- _Your task_
Please write out all of the entries without altering anything.

[Source data]

################

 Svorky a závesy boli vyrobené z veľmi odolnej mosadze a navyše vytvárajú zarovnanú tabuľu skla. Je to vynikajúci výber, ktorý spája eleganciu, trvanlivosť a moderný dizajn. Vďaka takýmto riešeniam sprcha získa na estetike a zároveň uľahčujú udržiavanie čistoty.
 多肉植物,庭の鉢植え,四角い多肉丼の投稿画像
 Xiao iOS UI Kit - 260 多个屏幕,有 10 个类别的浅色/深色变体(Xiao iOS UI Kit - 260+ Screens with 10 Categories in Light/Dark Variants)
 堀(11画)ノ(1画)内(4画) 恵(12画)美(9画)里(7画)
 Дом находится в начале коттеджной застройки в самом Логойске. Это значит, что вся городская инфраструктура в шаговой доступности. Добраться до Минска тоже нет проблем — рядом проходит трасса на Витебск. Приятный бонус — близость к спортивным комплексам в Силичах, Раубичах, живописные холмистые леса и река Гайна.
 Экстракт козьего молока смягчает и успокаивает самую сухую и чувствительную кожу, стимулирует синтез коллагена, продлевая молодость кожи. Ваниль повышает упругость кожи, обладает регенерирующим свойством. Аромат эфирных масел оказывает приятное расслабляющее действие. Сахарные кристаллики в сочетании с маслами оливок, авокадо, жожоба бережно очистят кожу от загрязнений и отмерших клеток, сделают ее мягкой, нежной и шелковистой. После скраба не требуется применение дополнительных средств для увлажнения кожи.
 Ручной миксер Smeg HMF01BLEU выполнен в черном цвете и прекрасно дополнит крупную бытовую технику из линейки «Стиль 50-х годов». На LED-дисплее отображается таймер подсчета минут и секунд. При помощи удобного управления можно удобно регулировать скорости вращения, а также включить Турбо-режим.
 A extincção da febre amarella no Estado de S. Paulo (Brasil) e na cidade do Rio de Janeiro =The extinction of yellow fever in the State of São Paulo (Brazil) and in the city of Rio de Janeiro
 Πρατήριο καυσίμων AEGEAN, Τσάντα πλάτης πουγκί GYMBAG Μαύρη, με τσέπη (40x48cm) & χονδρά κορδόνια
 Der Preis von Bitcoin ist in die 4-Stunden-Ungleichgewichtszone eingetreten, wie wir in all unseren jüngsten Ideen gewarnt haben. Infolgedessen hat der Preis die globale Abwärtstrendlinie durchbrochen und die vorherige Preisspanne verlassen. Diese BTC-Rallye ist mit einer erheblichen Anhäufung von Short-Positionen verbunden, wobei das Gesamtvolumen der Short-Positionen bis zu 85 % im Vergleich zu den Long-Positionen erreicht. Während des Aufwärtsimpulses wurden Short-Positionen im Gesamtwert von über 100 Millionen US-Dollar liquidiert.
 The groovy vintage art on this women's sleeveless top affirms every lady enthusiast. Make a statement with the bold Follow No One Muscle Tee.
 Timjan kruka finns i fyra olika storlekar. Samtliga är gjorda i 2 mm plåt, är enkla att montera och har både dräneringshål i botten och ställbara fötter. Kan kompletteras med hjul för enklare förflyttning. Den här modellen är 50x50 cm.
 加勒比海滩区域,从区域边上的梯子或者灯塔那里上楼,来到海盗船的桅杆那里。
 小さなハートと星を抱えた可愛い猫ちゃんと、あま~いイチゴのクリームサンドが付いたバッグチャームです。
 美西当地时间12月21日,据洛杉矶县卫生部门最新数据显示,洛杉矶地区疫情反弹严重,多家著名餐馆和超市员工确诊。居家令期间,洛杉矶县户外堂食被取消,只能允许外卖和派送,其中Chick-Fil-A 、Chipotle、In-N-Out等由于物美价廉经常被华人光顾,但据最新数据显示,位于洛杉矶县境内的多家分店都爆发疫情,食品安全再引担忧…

################

- _Expected answer_
 Svorky a závesy boli vyrobené z veľmi odolnej mosadze a navyše vytvárajú zarovnanú tabuľu skla. Je to vynikajúci výber, ktorý spája eleganciu, trvanlivosť a moderný dizajn. Vďaka takýmto riešeniam sprcha získa na estetike a zároveň uľahčujú udržiavanie čistoty.
 多肉植物,庭の鉢植え,四角い多肉丼の投稿画像
 Xiao iOS UI Kit - 260 多个屏幕,有 10 个类别的浅色/深色变体(Xiao iOS UI Kit - 260+ Screens with 10 Categories in Light/Dark Variants)
 堀(11画)ノ(1画)内(4画) 恵(12画)美(9画)里(7画)
 Дом находится в начале коттеджной застройки в самом Логойске. Это значит, что вся городская инфраструктура в шаговой доступности. Добраться до Минска тоже нет проблем — рядом проходит трасса на Витебск. Приятный бонус — близость к спортивным комплексам в Силичах, Раубичах, живописные холмистые леса и река Гайна.
 Экстракт козьего молока смягчает и успокаивает самую сухую и чувствительную кожу, стимулирует синтез коллагена, продлевая молодость кожи. Ваниль повышает упругость кожи, обладает регенерирующим свойством. Аромат эфирных масел оказывает приятное расслабляющее действие. Сахарные кристаллики в сочетании с маслами оливок, авокадо, жожоба бережно очистят кожу от загрязнений и отмерших клеток, сделают ее мягкой, нежной и шелковистой. После скраба не требуется применение дополнительных средств для увлажнения кожи.
 Ручной миксер Smeg HMF01BLEU выполнен в черном цвете и прекрасно дополнит крупную бытовую технику из линейки «Стиль 50-х годов». На LED-дисплее отображается таймер подсчета минут и секунд. При помощи удобного управления можно удобно регулировать скорости вращения, а также включить Турбо-режим.
 A extincção da febre amarella no Estado de S. Paulo (Brasil) e na cidade do Rio de Janeiro =The extinction of yellow fever in the State of São Paulo (Brazil) and in the city of Rio de Janeiro
 Πρατήριο καυσίμων AEGEAN, Τσάντα πλάτης πουγκί GYMBAG Μαύρη, με τσέπη (40x48cm) & χονδρά κορδόνια
 Der Preis von Bitcoin ist in die 4-Stunden-Ungleichgewichtszone eingetreten, wie wir in all unseren jüngsten Ideen gewarnt haben. Infolgedessen hat der Preis die globale Abwärtstrendlinie durchbrochen und die vorherige Preisspanne verlassen. Diese BTC-Rallye ist mit einer erheblichen Anhäufung von Short-Positionen verbunden, wobei das Gesamtvolumen der Short-Positionen bis zu 85 % im Vergleich zu den Long-Positionen erreicht. Während des Aufwärtsimpulses wurden Short-Positionen im Gesamtwert von über 100 Millionen US-Dollar liquidiert.
 The groovy vintage art on this women's sleeveless top affirms every lady enthusiast. Make a statement with the bold Follow No One Muscle Tee.
 Timjan kruka finns i fyra olika storlekar. Samtliga är gjorda i 2 mm plåt, är enkla att montera och har både dräneringshål i botten och ställbara fötter. Kan kompletteras med hjul för enklare förflyttning. Den här modellen är 50x50 cm.
 加勒比海滩区域,从区域边上的梯子或者灯塔那里上楼,来到海盗船的桅杆那里。
 小さなハートと星を抱えた可愛い猫ちゃんと、あま~いイチゴのクリームサンドが付いたバッグチャームです。
 美西当地时间12月21日,据洛杉矶县卫生部门最新数据显示,洛杉矶地区疫情反弹严重,多家著名餐馆和超市员工确诊。居家令期间,洛杉矶县户外堂食被取消,只能允许外卖和派送,其中Chick-Fil-A 、Chipotle、In-N-Out等由于物美价廉经常被华人光顾,但据最新数据显示,位于洛杉矶县境内的多家分店都爆发疫情,食品安全再引担忧…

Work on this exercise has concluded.